In February 2018, British computer scientist Junade Ali created a communication protocol (using k-anonymity and cryptographic hashing) to anonymously verify whether a password was leaked without fully disclosing the searched password. This protocol was implemented as a public API and is now consumed by multiple websites and services, including password managers and browser extensions. This approach was later replicated by Google's Password Checkup feature. Ali worked with academics at Cornell University to develop new versions of the protocol known as Frequency Smoothing Bucketization (FSB) and Identifier-Based Bucketization (IDB). In March 2020, cryptographic padding was added to the protocol.

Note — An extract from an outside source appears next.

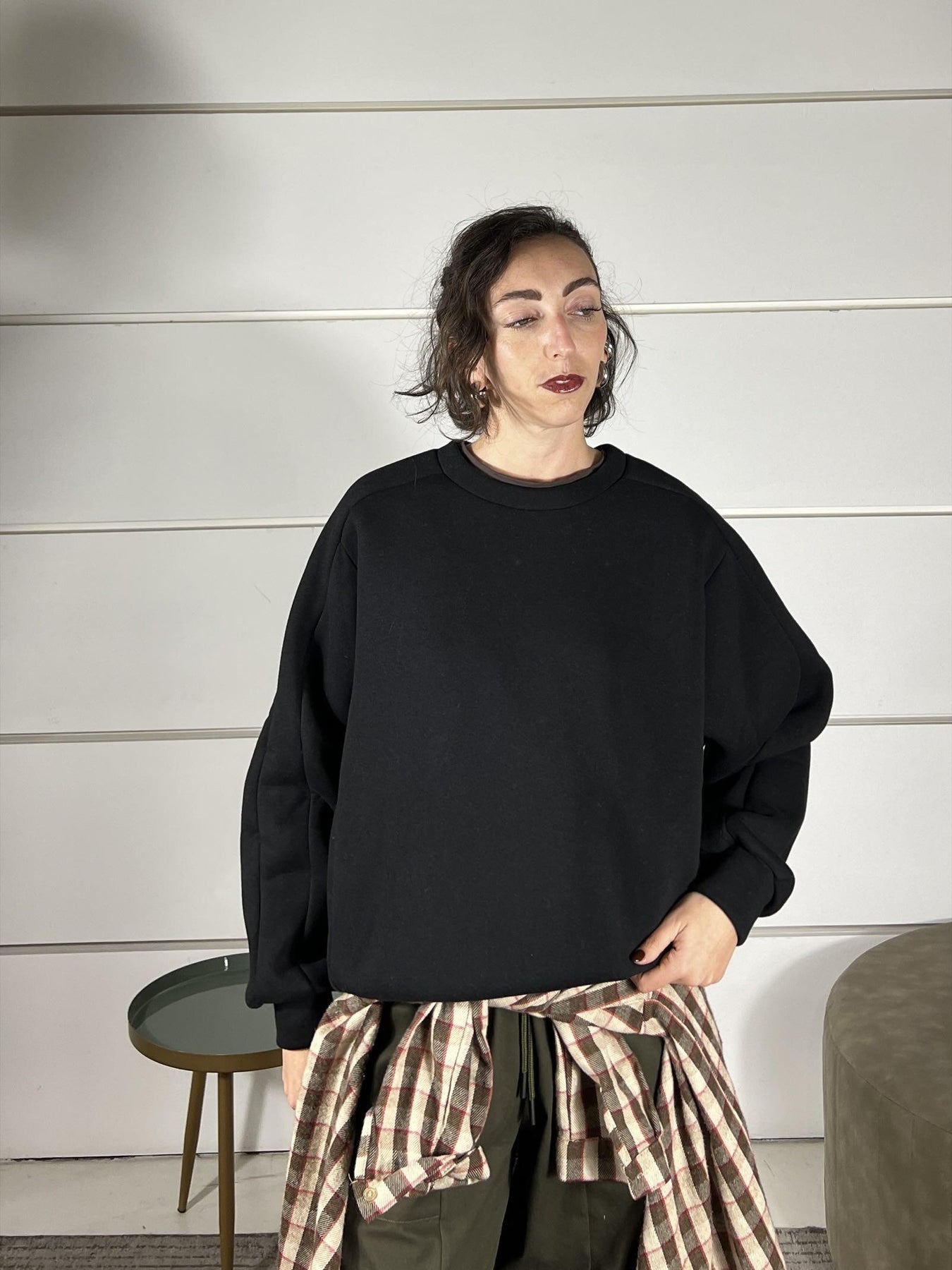 felpa Have One over felpata con polsini nera. La modella è alta 172 cm e veste da una 38 a una 44. Composizione: 55%co 45%pl.

=== Compromised credential checking implementations ===

| Protocol | Developers | Made Public | References |
|---|---|---|---|
| k-Anonymity | Junade Ali (Cloudflare), Troy Hunt (Have I Been Pwned?) | 21 February 2018 |  |
| Frequency Smoothing Bucketization & Identifier Based Bucketization | Cornell University (Lucy Li, Bijeeta Pal, Rahul Chatterjee, Thomas Ristenpart), Cloudflare (Junade Ali, Nick Sullivan) | May 2019 |  |
| Google Password Checkup (GPC) | Google, Stanford University | August 2019 |  |
| Active Credential Stuffing Detection | University of North Carolina at Chapel Hill (Ke Coby Wang, Michael K. Reiter) | December 2019 |  |

==Legal action==
===23andMe===
In October 2023, 23andMe disclosed that attackers had gained unauthorized access to user accounts through a credential stuffing attack that exploited reused passwords from prior breaches on other platforms. The incident exposed profile data of approximately 6.9 million users, including information on genetic heritage, family connections, and in some cases health-related details.

The company later faced multiple class-action lawsuits in the United States, culminating in a proposed US$30 million settlement in 2024. In addition, the UK Information Commissioner’s Office (ICO) fined 23andMe £2.31 million for failing to adequately protect personal data of around 155,000 UK customers.

=== Dunkin' Donuts ===
In September 2020, Dunkin' Brands Group, Inc. reached a settlement with the New York Attorney General over credential stuffing attacks that had compromised tens of thousands of customer DD Perks loyalty accounts between 2015 and 2018. Attackers used reused credentials from other breaches to gain unauthorized access, which in some cases allowed fraudulent use of stored value cards.

Under the terms of the settlement, Dunkin' was required to notify impacted customers, reset affected passwords, provide refunds for unauthorized transactions, and enhance its information security program. The company also agreed to pay $650,000 USD in penalties and costs to New York (state), without admitting wrongdoing.